Are we alone? N= R x Fp x Ne x Fl x Fi x Fc x L
- 11 Agu 2015
- 1 090
N= R x Fp x Ne x Fl x Fi x Fc x L
N = the number of civilizations in our galaxy with which radio-communication might be possible (i.e. which are on our current past light cone);
R = the average rate of star formation in our galaxy
Fp = the fraction of those stars that have planets
Ne = the average number of planets that can potentially support life per star that has planets
Fl = the fraction of planets that could support life that actually develop life at some point
Fi = the fraction of planets with life that actually go on to develop intelligent life (civilizations)

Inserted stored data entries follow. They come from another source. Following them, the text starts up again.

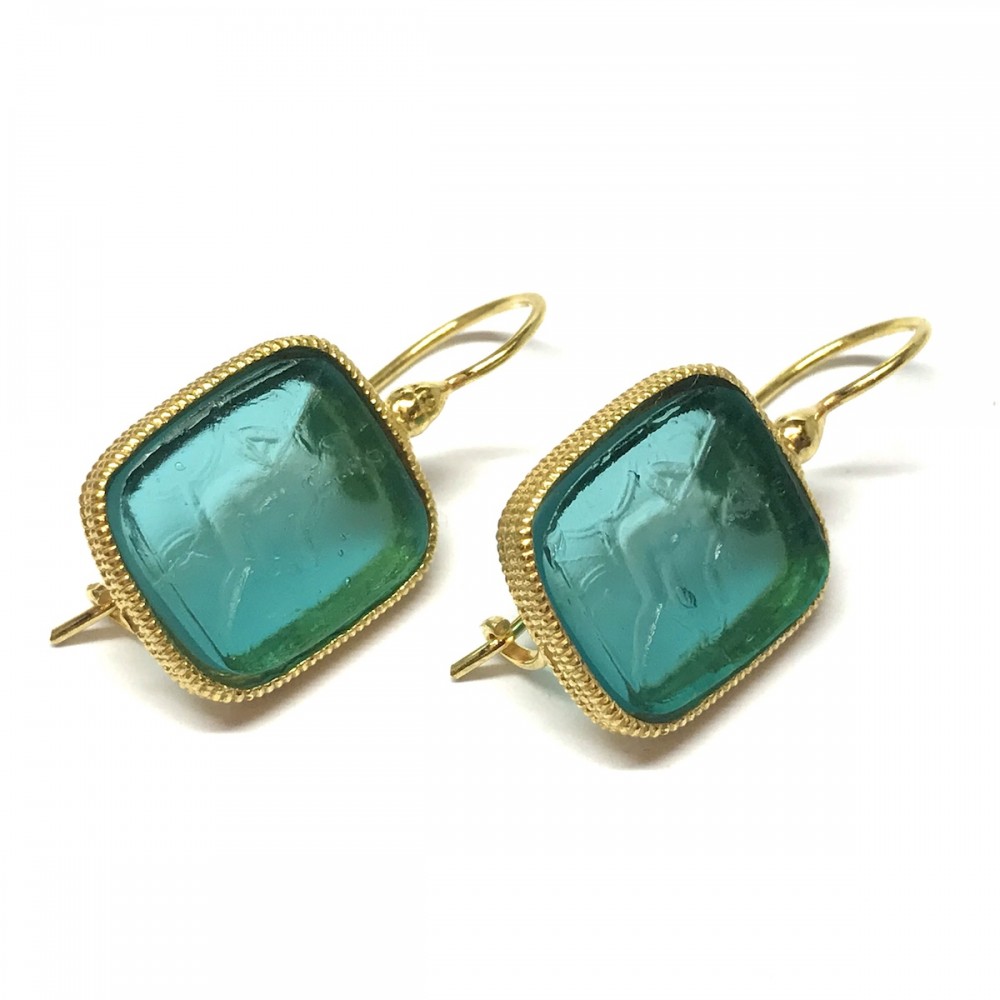 MARCELLO FONTANA 24 Kt yellow gold plated 925 sterling silver MICHELANGELO GIOIELLI earrings with glass paste intaglio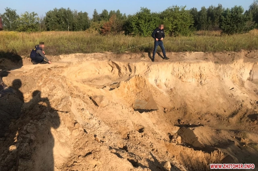 «Під час обшуків, проведених працівниками поліції за оперативного супроводу Управління стратегічних розслідувань в області ДСР Нацполіції України виявлено та вилучено автотехніку, незаконно видобутий пісок, бухгалтерську документацію, товаро-транспортні накладні, чорнові записи.Установлено, що група місцевих жителів на земельній ділянці сільськогосподарського призначення приватної власності площею 6,2 га,розташованій на території Хотинівської сільської ради Коростенського району, за допомогою спецтехніки зняли родючий шар ґрунту та видобували пісок, унаслідок чого утворився майже п’ятиметровий кар’єр площею 0,53 га.За попередніми підрахунками екологів, незаконним видобутком піску державним інтересам завдано шкоди на понад 3 млн грн.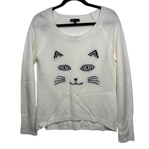 T/O Sweaters Cat Face Knit Long Sleeves White Sweater Size XL Casual Lightweight

Fc = the fraction of civilizations that develop a technology that releases detectable signs of their existence into space
L = the length of time for which such civilizations release detectable signals into space
Rate of star creation in our galaxy, R
Latest calculations from NASA and the European Space Agency indicate that the current rate of star formation in our galaxy is about 7 per year
Fraction of those stars that have planets
Recent analysis of Microlensing surveys has found that fp may approach 1 -- that is, stars are orbited by planets as a rule, rather than the exception; and that there are one or more bound planets per Milky Way star
Average number of planets per star having planets that might support life
Here it is understood that satellites might also serve as good candidates
In November 2013, astronomers reported, based on Kepler space mission data, that there could be as many as 40 billion Earth-sized planets orbiting in the habitable zones of sun-like stars and red dwarf stars within the Milky Way Galaxy. 11 billion of these estimated planets may be orbiting sun-like stars Since there are about 100 billion stars in the galaxy, this implies Fp x Ne is roughly 0.4. The nearest planet in the habitable zone may be as little as 12 light-years away, according to the scientists.
Fraction of the above that actually go on to develop life.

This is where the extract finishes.